The little princess was greatly changed. She looked ugly rather than pretty now. Her cheeks were sunken, her lip was drawn up, and her eyes were hollow.

“Yes, a sort of heaviness,” she said in answer to the prince’s inquiry how she felt.

“Isn’t there anything you need?”

“Non, merci, mon père.”

“Oh, very well then, very well.”

He went out and into the waiting-room. Alpatitch was standing there with downcast head.

“Filled up the road again?”

“Yes, your excellency; for God’s sake, forgive me, it was simply a blunder.”

The prince cut him short with his unnatural laugh.

“Oh, very well, very well.” He held out his hand, which Alpatitch kissed, and then he went to his study.

In the evening Prince Vassily arrived. He was met on the way by the coachmen and footmen of the Bolkonskys, who with shouts dragged his carriages and sledge to the lodge, over the road, which had been purposely obstructed with snow again.

Prince Vassily and Anatole were conducted to separate apartments.

Taking off his tunic, Anatole sat with his elbows on the table, on a corner of which he fixed his handsome, large eyes with a smiling, unconcerned stare. All his life he had looked upon as an uninterrupted entertainment, which some one or other was, he felt, somehow bound to provide for him. In just the same spirit he had looked at his visit to the cross old gentleman and his rich and hideous daughter. It might all, according to his anticipations, turn out very jolly and amusing. “And why not get married, if she has such a lot of money? That never comes amiss,” thought Anatole.

He shaved and scented himself with the care and elegance that had become habitual with him, and with his characteristic expression of all-conquering good-humour, he walked into his father’s room, holding, his head high. Two valets were busily engaged in dressing Prince Vassily; he was looking about him eagerly, and nodded gaily to his son, as he entered with an air that said, “Yes, that’s just how I wanted to see you looking.”

“Come, joking apart, father, is she so hideous? Eh?” he asked in French, as though reverting to a subject more than once discussed on the journey.

“Nonsense! The great thing for you is to try and be respectful and sensible with the old prince.”

“If he gets nasty, I’m off,” said Anatole. “I can’t stand those old gentlemen. Eh?”

“Remember that for you everything depends on it.”

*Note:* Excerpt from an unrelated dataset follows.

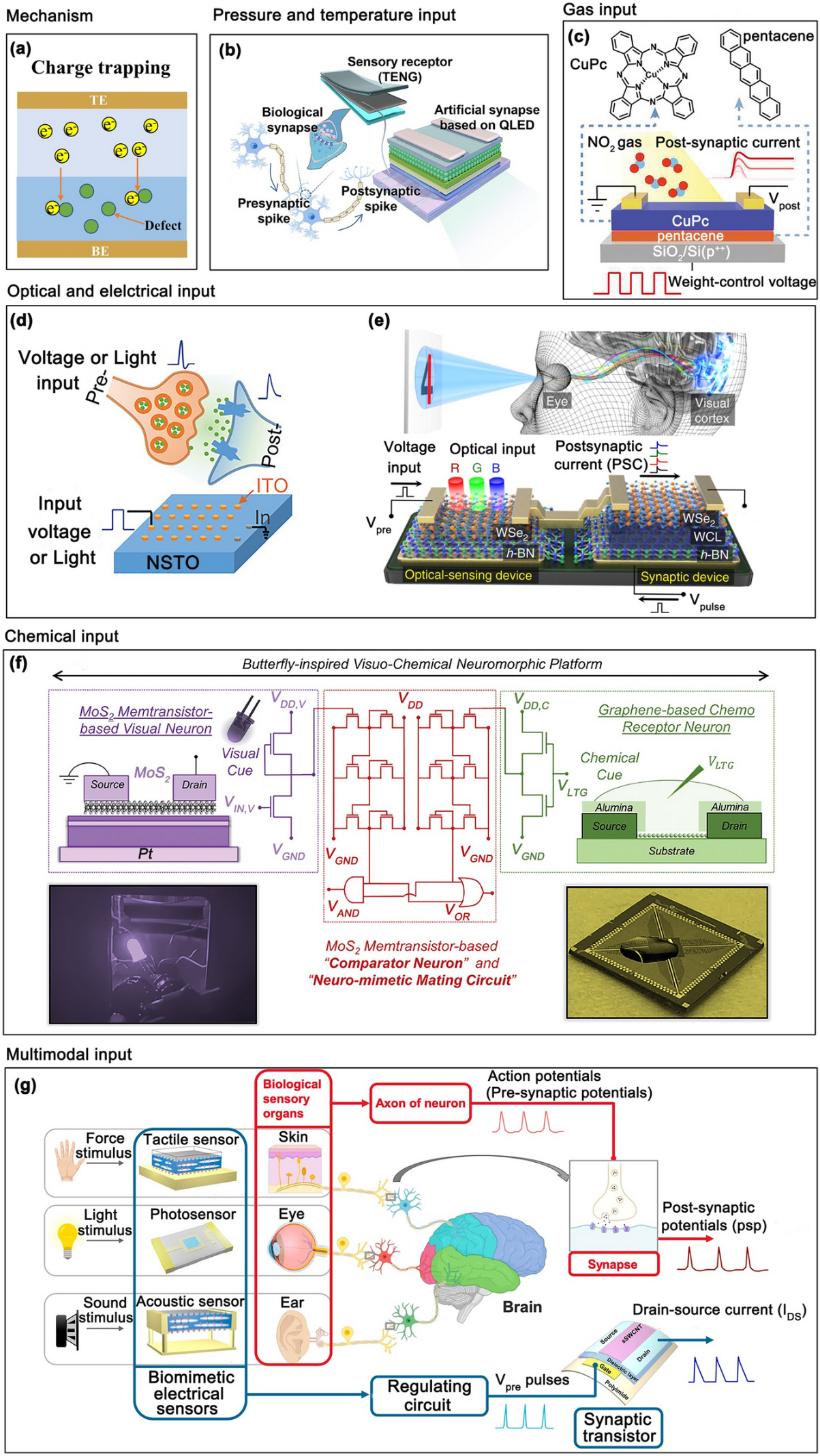 图3 电荷捕获型突触器件处理多模态刺激。(a) 通过缺陷捕获实现的电阻切换机制。(b) 包含压力/温度输入的人工多模态系统示意图。(c) 用于检测 NO2 的有机异质结构感觉突触。(d) 光电突触实验装置。(e) 采用h-BN/WSe2材料的启发式生物光电子神经系统。(f) 采用忆阻器电路的蝴蝶启发式视觉化学神经元平台。(g) 处理光学/压力/声音刺激并进行神经信息传输的生物感觉器官。

Meanwhile, in the feminine part of the household not only the arrival of the minister and his son was already known, but the appearance of both had been minutely described. Princess Marya was sitting alone in her room doing her utmost to control her inner emotion.

“Why did they write, why did Liza tell me about it? Why, it cannot be!” she thought, looking at herself in the glass. “How am I to go into the drawing-room? Even if I like him, I could never be myself with him now.” The mere thought of her father’s eyes reduced her to terror. The little princess and Mademoiselle Bourienne had already obtained all necessary information from the maid, Masha; they had learned what a handsome fellow the minister’s son was, with rosy cheeks and black eye-brows; how his papa had dragged his legs upstairs with difficulty, while he, like a young eagle, had flown up after him three steps at a time. On receiving these items of information, the little princess and Mademoiselle Bourienne, whose eager voices were audible in the corridor, went into Princess Marya’s room.

“They are come, Marie, do you know?” said the little princess, waddling in and sinking heavily into an armchair. She was not wearing the gown in which she had been sitting in the morning, but had put on one of her best dresses. Her hair had been carefully arranged, and her face was full of an eager excitement, which did not, however, conceal its wasted and pallid look. In the smart clothes which she had been used to wear in Petersburg in society, the loss of her good looks was even more noticeable. Mademoiselle Bourienne, too, had put some hardly perceptible finishing touches to her costume, which made her fresh, pretty face even more attractive.

“What, and you are staying just as you are, dear princess. They will come in a minute to tell us the gentlemen are in the drawing-room,” she began. “We shall have to go down, and you are doing nothing at all to your dress.”